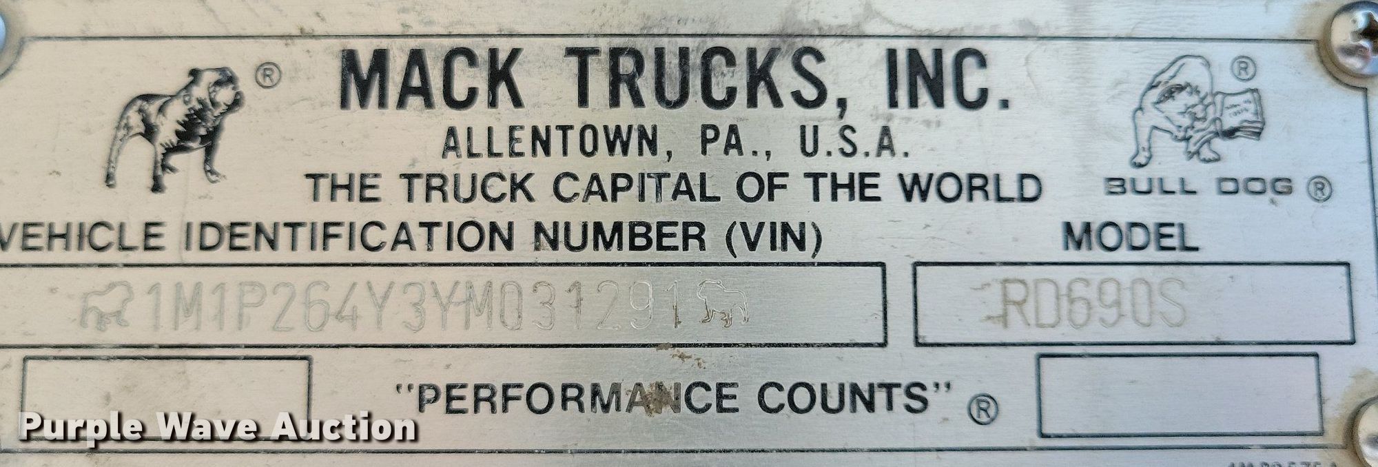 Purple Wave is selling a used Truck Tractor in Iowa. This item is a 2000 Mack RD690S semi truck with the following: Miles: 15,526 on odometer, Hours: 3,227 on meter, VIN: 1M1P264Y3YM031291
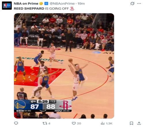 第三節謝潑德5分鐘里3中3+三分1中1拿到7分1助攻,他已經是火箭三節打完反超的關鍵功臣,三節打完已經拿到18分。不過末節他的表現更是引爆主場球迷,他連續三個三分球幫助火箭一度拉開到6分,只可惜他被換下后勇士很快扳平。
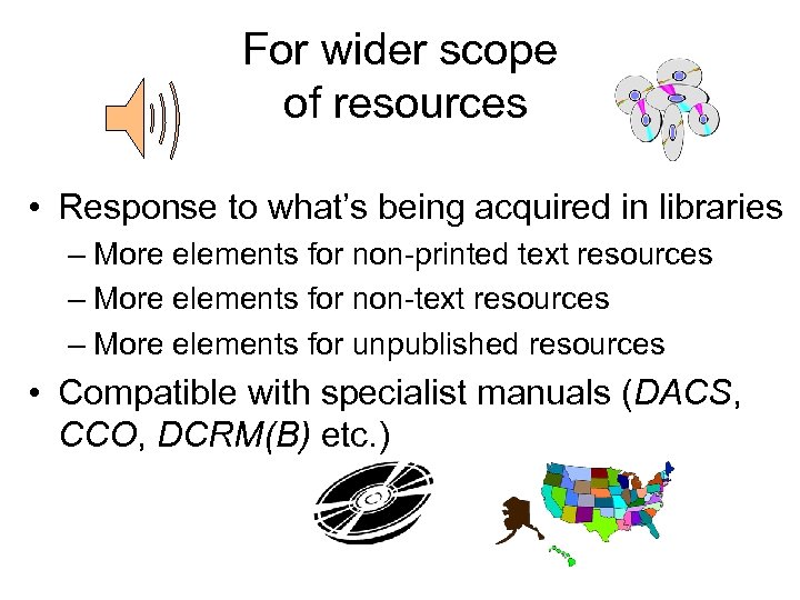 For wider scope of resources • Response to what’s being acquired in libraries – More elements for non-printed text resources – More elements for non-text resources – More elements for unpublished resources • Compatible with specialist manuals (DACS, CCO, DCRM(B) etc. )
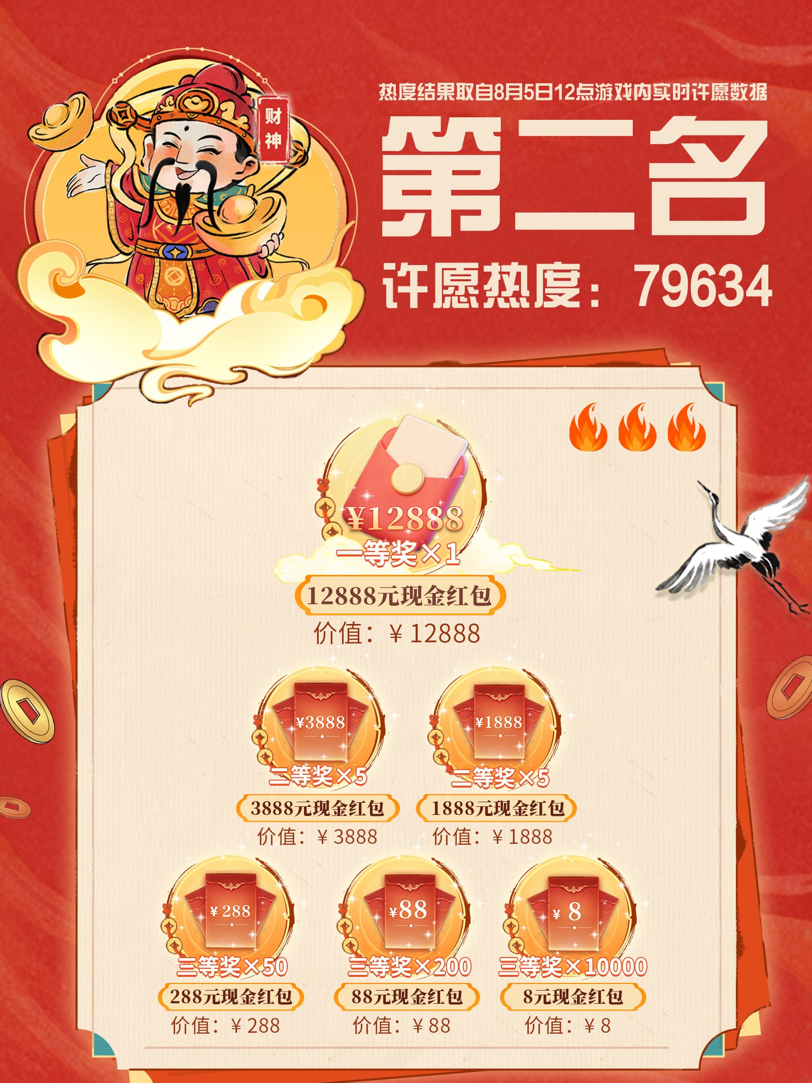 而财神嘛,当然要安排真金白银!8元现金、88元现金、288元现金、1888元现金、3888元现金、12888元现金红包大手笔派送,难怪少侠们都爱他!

» **Exercise**: Transcribe the whole listing exactly as it stands, apart from the pictures.

» **Exercise response**:
 Purple Wave is selling a used Truck Tractor in Iowa. This item is a 2000 Mack RD690S semi truck with the following: Miles: 15,526 on odometer, Hours: 3,227 on meter, VIN: 1M1P264Y3YM031291
 第三節謝潑德5分鐘里3中3+三分1中1拿到7分1助攻,他已經是火箭三節打完反超的關鍵功臣,三節打完已經拿到18分。不過末節他的表現更是引爆主場球迷,他連續三個三分球幫助火箭一度拉開到6分,只可惜他被換下后勇士很快扳平。
 For wider scope of resources • Response to what’s being acquired in libraries – More elements for non-printed text resources – More elements for non-text resources – More elements for unpublished resources • Compatible with specialist manuals (DACS, CCO, DCRM(B) etc. )
 而财神嘛,当然要安排真金白银!8元现金、88元现金、288元现金、1888元现金、3888元现金、12888元现金红包大手笔派送,难怪少侠们都爱他!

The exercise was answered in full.